*** INPUT RECORDS Section Begins ***

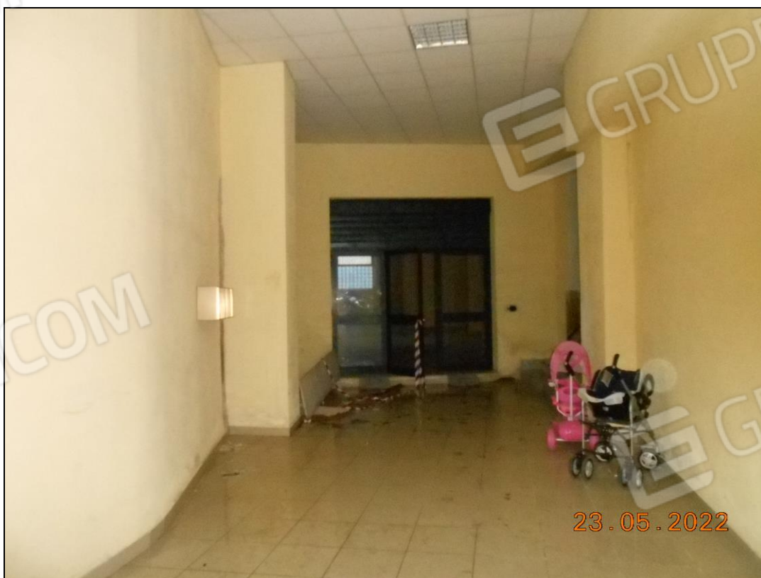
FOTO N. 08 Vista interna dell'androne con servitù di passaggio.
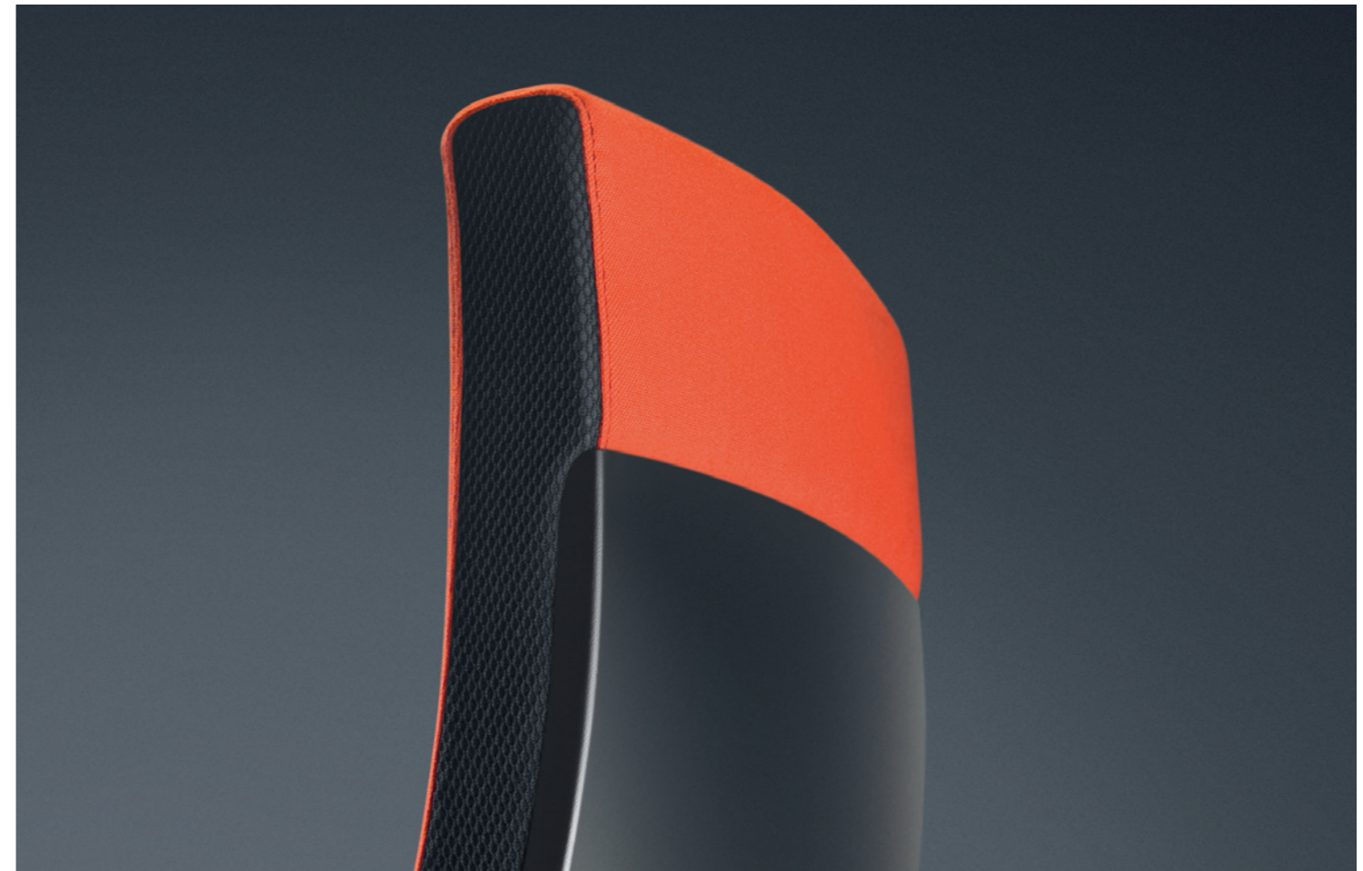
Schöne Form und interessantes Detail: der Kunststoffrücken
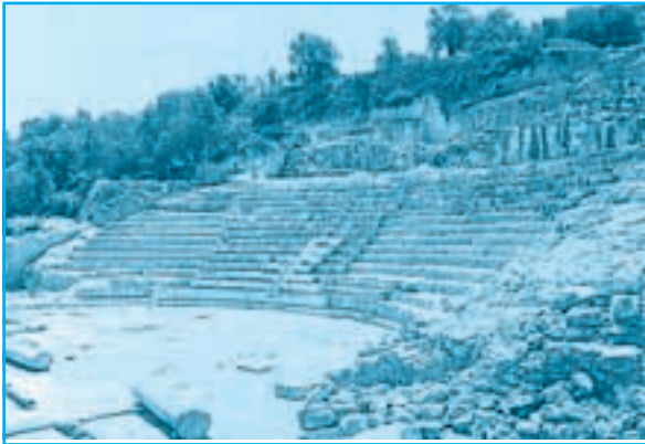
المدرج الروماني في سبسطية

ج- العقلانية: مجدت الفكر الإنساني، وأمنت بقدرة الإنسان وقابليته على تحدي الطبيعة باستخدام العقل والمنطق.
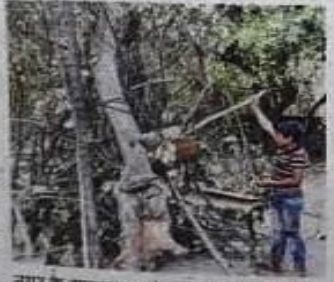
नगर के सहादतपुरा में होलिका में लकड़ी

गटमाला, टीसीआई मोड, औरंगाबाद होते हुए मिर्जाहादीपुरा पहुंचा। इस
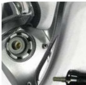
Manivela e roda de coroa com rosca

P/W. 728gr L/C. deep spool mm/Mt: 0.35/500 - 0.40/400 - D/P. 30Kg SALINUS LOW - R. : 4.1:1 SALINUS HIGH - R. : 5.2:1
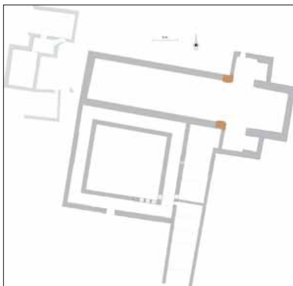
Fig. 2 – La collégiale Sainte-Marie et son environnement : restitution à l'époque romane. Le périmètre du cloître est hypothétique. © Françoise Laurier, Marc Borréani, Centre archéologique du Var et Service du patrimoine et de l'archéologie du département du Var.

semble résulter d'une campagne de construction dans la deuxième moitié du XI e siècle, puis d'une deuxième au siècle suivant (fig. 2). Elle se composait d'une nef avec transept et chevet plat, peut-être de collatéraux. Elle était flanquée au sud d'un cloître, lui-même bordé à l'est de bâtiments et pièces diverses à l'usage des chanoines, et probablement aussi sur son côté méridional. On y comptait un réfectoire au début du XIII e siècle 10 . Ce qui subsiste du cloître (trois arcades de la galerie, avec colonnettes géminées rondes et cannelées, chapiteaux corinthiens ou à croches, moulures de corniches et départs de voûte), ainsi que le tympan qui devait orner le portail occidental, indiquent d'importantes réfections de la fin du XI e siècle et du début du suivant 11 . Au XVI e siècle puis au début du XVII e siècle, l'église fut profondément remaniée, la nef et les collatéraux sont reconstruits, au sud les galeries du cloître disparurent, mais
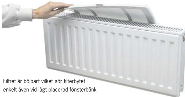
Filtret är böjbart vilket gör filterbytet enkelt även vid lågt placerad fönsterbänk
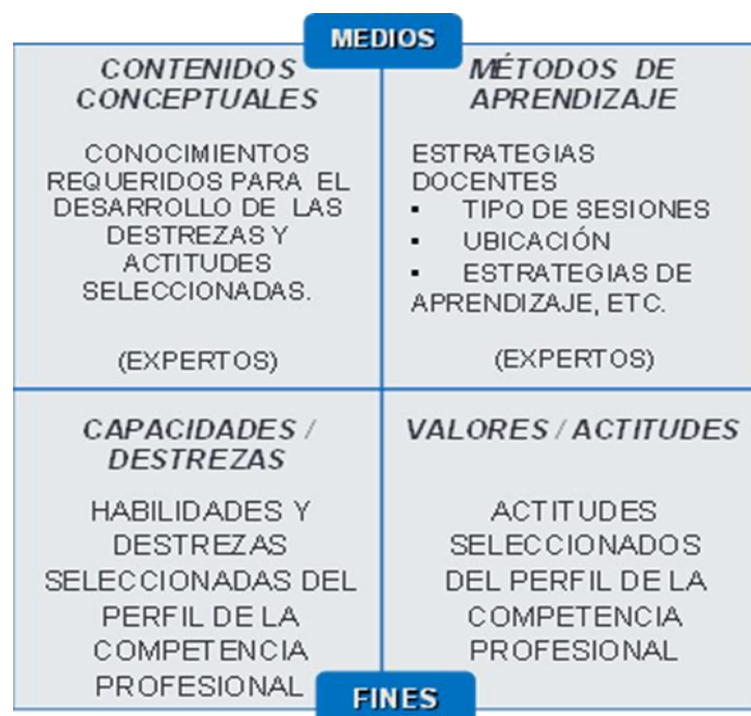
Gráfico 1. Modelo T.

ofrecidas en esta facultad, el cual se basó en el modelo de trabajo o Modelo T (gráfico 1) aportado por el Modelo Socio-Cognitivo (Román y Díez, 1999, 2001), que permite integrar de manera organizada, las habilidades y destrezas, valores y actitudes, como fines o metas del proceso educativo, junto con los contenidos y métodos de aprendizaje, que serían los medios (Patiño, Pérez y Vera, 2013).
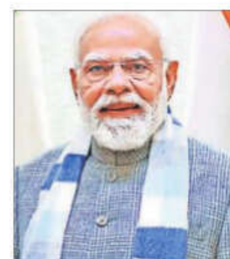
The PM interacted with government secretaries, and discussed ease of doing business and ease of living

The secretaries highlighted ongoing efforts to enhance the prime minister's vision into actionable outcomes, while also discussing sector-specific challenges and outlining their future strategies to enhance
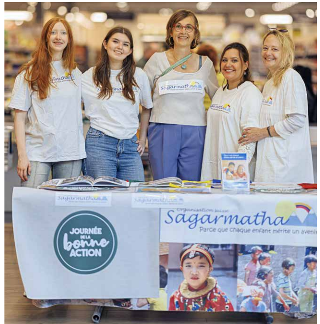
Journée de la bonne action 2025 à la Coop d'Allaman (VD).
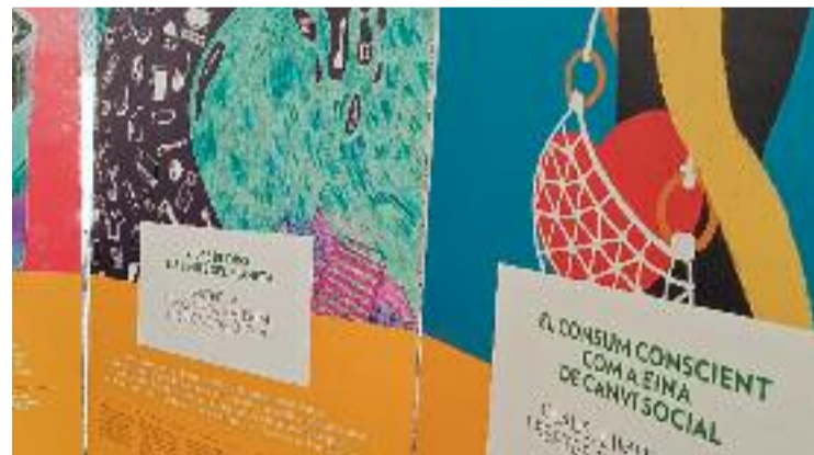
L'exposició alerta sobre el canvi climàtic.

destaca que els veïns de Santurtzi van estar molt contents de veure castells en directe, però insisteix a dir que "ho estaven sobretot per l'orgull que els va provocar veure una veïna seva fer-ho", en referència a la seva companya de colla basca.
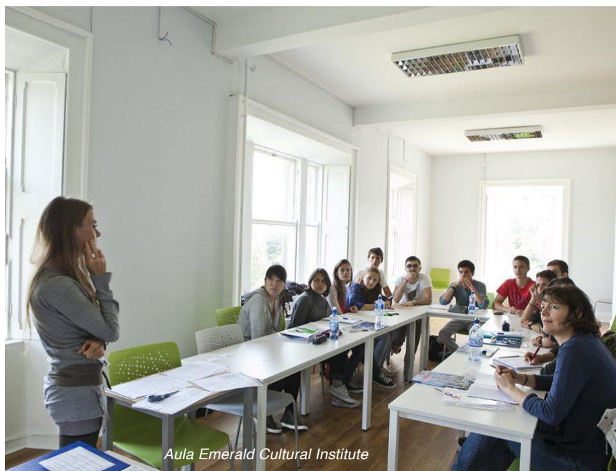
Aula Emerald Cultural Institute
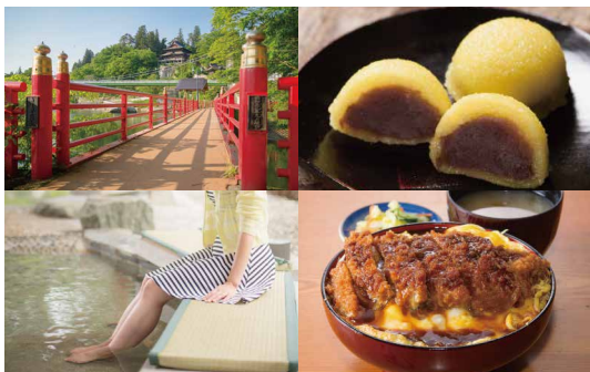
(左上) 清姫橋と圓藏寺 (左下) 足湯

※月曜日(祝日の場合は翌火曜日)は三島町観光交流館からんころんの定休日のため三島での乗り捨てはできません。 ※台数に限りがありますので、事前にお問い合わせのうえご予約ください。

*** INPUT RECORDS Section Ends ***

The copy should run from the first line of the material above through the line with "Fig. 2 – La", repeated exactly and without pictures.

FOTO N. 08 Vista interna dell'androne con servitù di passaggio.
Schöne Form und interessantes Detail: der Kunststoffrücken
المدرج الروماني في سبسطية

ج- العقلانية: مجدت الفكر الإنساني، وأمنت بقدرة الإنسان وقابليته على تحدي الطبيعة باستخدام العقل والمنطق.
नगर के सहादतपुरा में होलिका में लकड़ी

गटमाला, टीसीआई मोड, औरंगाबाद होते हुए मिर्जाहादीपुरा पहुंचा। इस
Manivela e roda de coroa com rosca

P/W. 728gr L/C. deep spool mm/Mt: 0.35/500 - 0.40/400 - D/P. 30Kg SALINUS LOW - R. : 4.1:1 SALINUS HIGH - R. : 5.2:1
Fig. 2 – La collégiale Sainte-Marie et son environnement : restitution à l'époque romane. Le périmètre du cloître est hypothétique. © Françoise Laurier, Marc Borréani, Centre archéologique du Var et Service du patrimoine et de l'archéologie du département du Var.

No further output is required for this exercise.